Correction to: Adv. Model. and Simul. in Eng. Sci. (2020) 7:21 https://doi.org/10.1186/s40323-020-00157-2

Following publication of the original article [1], the authors reported the errors in the equation and in the text.

The corrected text and equation are given below:

First, we evaluate the quality and reliability of the results obtained when using the three methods investigated in this section.

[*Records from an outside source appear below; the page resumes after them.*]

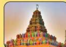
Shankar Viman Mandapam
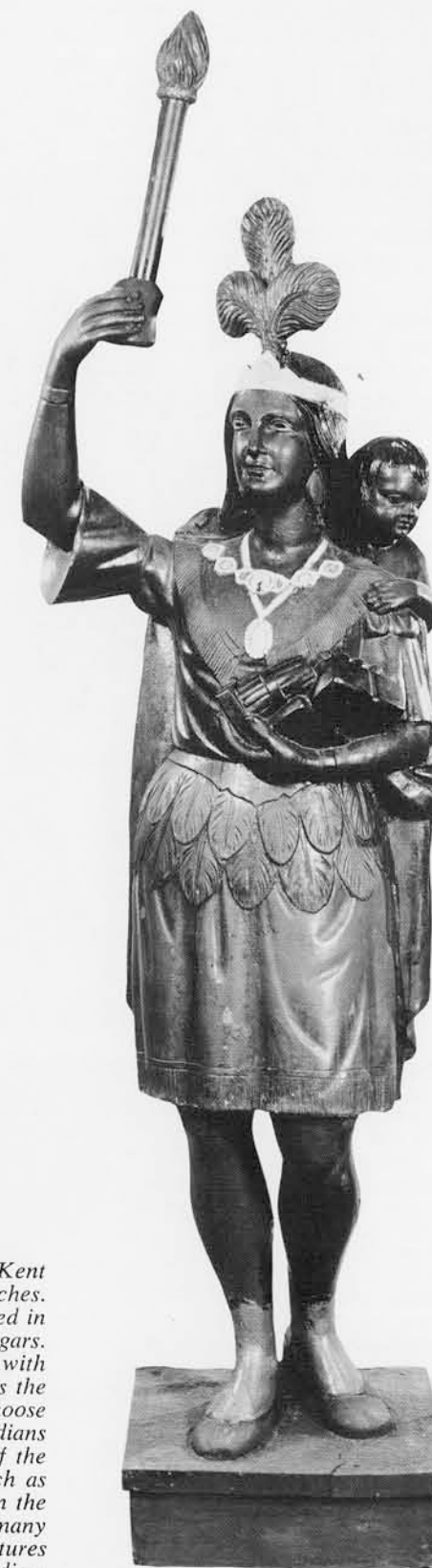
Zinc Mother and Papoose. Lent by the Atwater Kent Museum. Height 62 inches, with base 68 inches. Other versions of this figure exist, painted in different colors, and holding a bundle of cigars. The torch in fact is made of wood and inserted with screws through the fingers and thumb. Perhaps the model was cast empty-handed for the buyer to choose his own accessory. Some critics say that metal Indians lose something of the charm and individuality of the wooden version; however, once a good Indian, such as this one, was cast, it did not suffer from the incompetency of lesser carvers. Typical of many Cigar Store Indians, the facial features are more Caucasian than Indian.

The American Cigar Store Indian, as best remembered, was not part of the American scene until after the 1840's. His rise to fame would seem to coincide with the increasing popularity of the cigar and the decreasing demand for ships' figureheads. Judging from old photographs, tobacco stores became cigar (or segar) stores, and
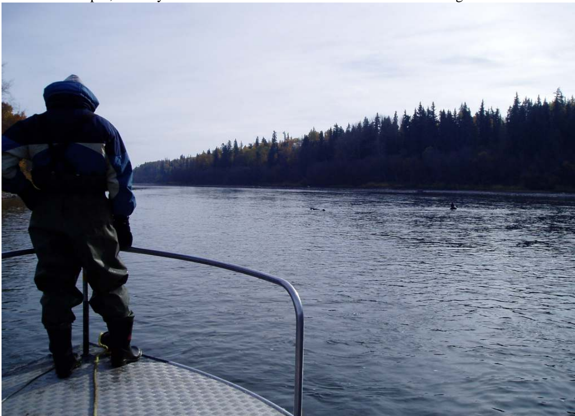
Plate: 4 Date: October 12, 2006 Observation Method: Boat Comment: Showing the boat observer in the shore lane, with two swimmers taking the center left of center lane.
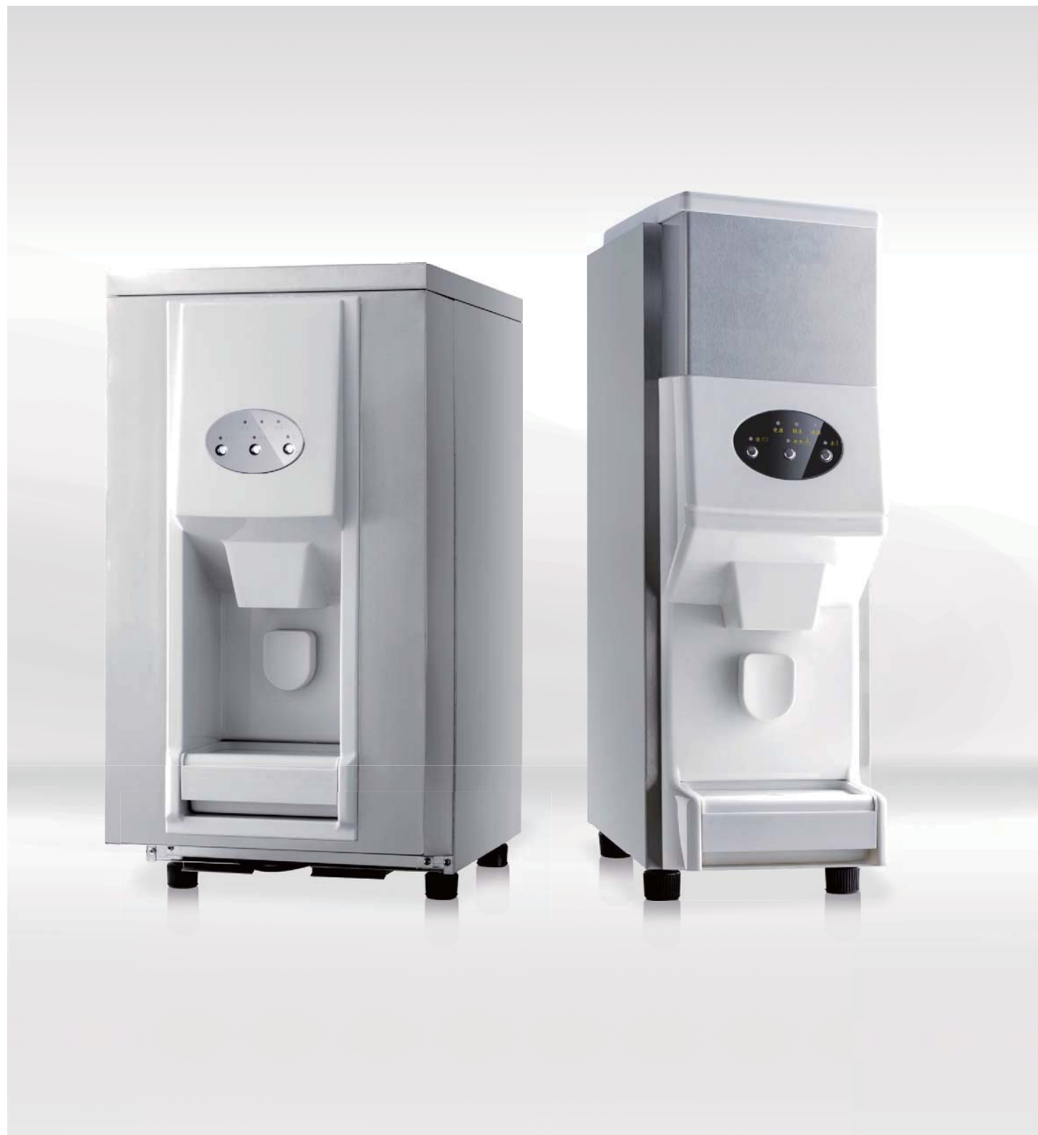
ICE WATER DISPENSER UP TO 14/24KG

Ice, water dispenser, Inspires your life.

In Fig. 22, the errors in the energy norm

$$\begin{aligned} ||e||_{{\mathrm {E}}(\Omega _{\mathrm {e}})} = \sqrt{\left| \dfrac{{\mathcal {B}}(\textit{\textbf{u}}_{\mathrm {ref}}, \textit{\textbf{u}}_{\mathrm {ref}})-{\mathcal {B}}(\textit{\textbf{u}}, \textit{\textbf{u}})}{{\mathcal {B}}(\textit{\textbf{u}}_{\mathrm {ref}}, \textit{\textbf{u}}_{\mathrm {ref}})} \right| } \cdot 100 [\%], \end{aligned}$$
(20)

for various input parameters are presented, which should be minimized by the FCM solution on the energy space\(E(\Omega _{\mathrm {e}})\) over the domain \(\Omega _{\mathrm {e}}\) [3, 33]. In Eq. (20), \(\textit{\textbf{u}}\) is the displacement field obtained by the FCM solution and \(\textit{\textbf{u}}_{\mathrm {ref}}\) is the reference solution, obtained by p-FEM using blending functions [113] for an exact geometry mapping, resulting in a strain energy of \(1/2 \cdot {\mathcal {B}}(\textit{\textbf{u}}_{\mathrm {ref}},\textit{\textbf{u}}_{\mathrm {ref}}) = 0.7021812127\) [31]. Besides investigating the global quality of the results based on \(||e||_{{\mathrm {E}}(\Omega _{\mathrm {e}})}\), we also evaluate the solution based on point-wise values of the stress-fields \(\sigma _{\mathrm {vM}}\) and \(\sigma _{\mathrm {yy}}\) along the diagonal \(\overline{AB}\) in Fig. 21, where \(\sigma _{\mathrm {vM}}\) is the von Mises stress and \(\sigma _{\mathrm {yy}}\) the stress in the y-direction.

The original article [1] has been updated.